The physics of the rocket’s detonation had sucked the show windows from the front of Selfridges. The windows had been decorated for the season with ice floes and ice mountains of pasteboard and sequins. A frolic of pasteboard Eskimos and penguins. The aurora borealis or australis in arcs of colored foil. A mannequin Father Christmas in Scott Expedition drag. Now the sidewalk was buried in snowbanks of shattered glass. Christmas trees lay scattered like tenpins. Their needles drifted down onto my grandfather’s hat and the epaulets of his greatcoat. When he hung up his trousers that night before bed, cellophane snowflakes snowed down from the upturned cuffs. Pasteboard Eskimos and penguins, headless, torn in half, continued their inaccurate cohabitation. Father Christmas was found the next morning in a dovecote on a nearby rooftop, intact and unharmed apart from a holiday frosting of pigeon shit.
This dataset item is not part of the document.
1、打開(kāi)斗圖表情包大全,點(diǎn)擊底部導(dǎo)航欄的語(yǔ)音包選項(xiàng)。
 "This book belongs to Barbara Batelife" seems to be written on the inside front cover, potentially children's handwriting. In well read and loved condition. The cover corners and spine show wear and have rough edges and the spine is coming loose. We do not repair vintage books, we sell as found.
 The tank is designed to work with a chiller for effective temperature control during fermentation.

Selfridges was not on fire, but the building beside it was. A fire brigade came around the corner in a wheezing old calliope of a pumper, followed by two teams of air raid wardens in Crossleys. The wardens in their shaving-bowl helmets made their way back along the street toward the corner, barking at hotel guests and patrons of the ballroom, telling them to get out of the way and please let the crews do their job. An ambulance nosed its way in among the bystanders and ruination. It was driven by a breathtaking young woman, blue eyes, black hair tumbling from under a narrow-brimmed hat, packed hastily into some man’s shirt and trousers under her green WVS coat. He never saw her again, but forty-four years later, my grandfather remembered her vividly, her necktie, the swell of her breasts under the shirt, her gabardine trousers into the tops of her wellingtons. She told him and Aughenbaugh that the spirit of volunteerism was commendable, but it would be best for them just to get out of the way and let her mates and her do the job that the ARP and the Jerries had trained them to do. It was a harrowing job. If blood and pieces of what had until recently been citizens of London were something you wanted to see, you could see them.
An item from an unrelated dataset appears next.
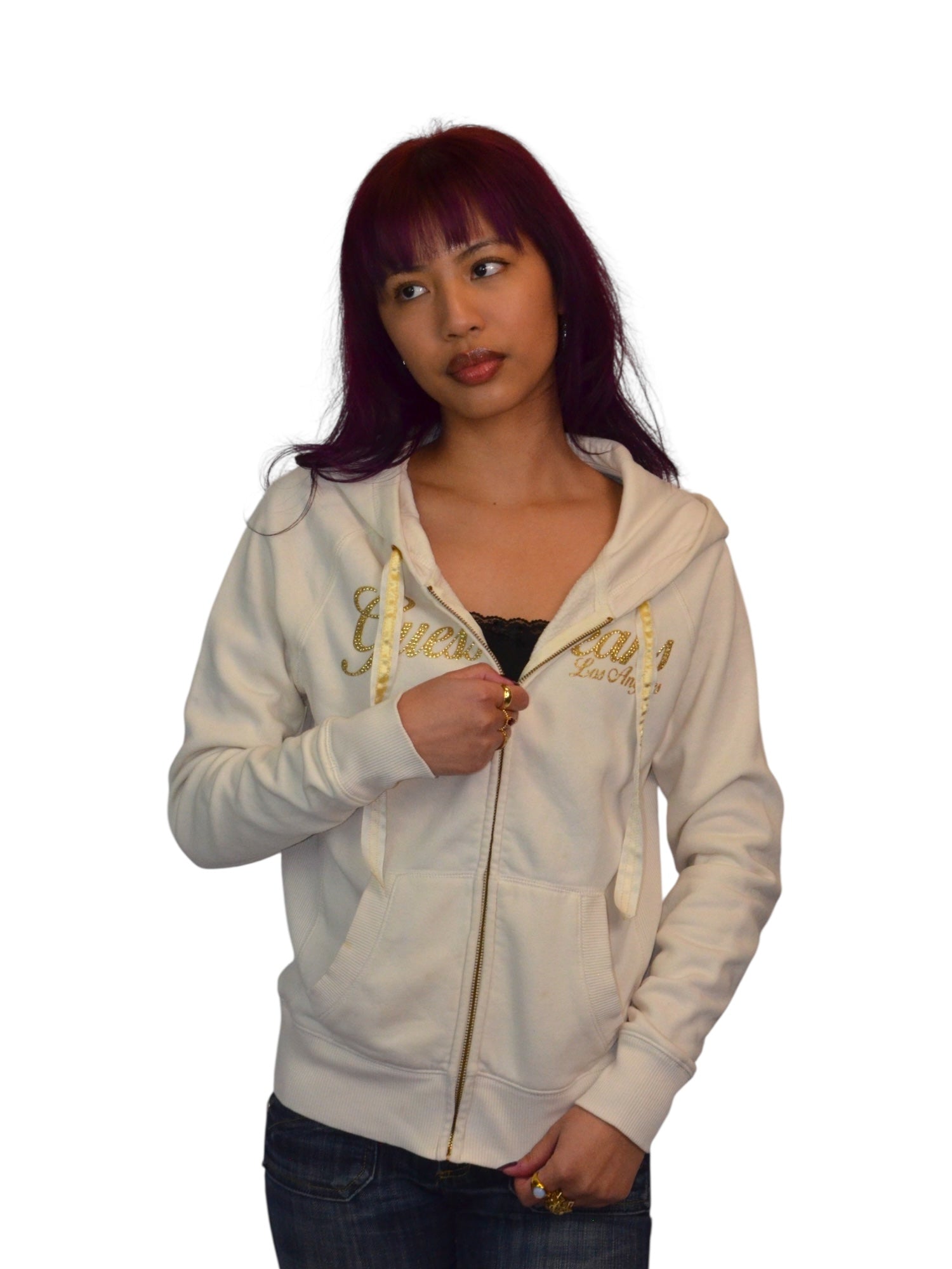 (S/M) Vintage Embellished Guess Zip-up Hoodie

“Penguins with Eskimos,” Aughenbaugh said contemptuously. Remembering this line, years later, my grandfather burst out laughing, even though it literally hurt to laugh. “What the hell are we fighting for, Rico?”
They went back inside and up to their room. Aughenbaugh poured more whiskey into the beakers and passed one to my grandfather. It was graduated in milliliters. The whiskey went to ninety-two. My grandfather raised it and proposed a toast. “Cats in a bag,” he said. He drank it all in one swallow and held it out for Aughenbaugh to fill again. “Probabilities and contingencies.”
“It’s a metaphor,” Aughenbaugh said. “The bag is Newtonian physics.”
“I missed that,” my grandfather said.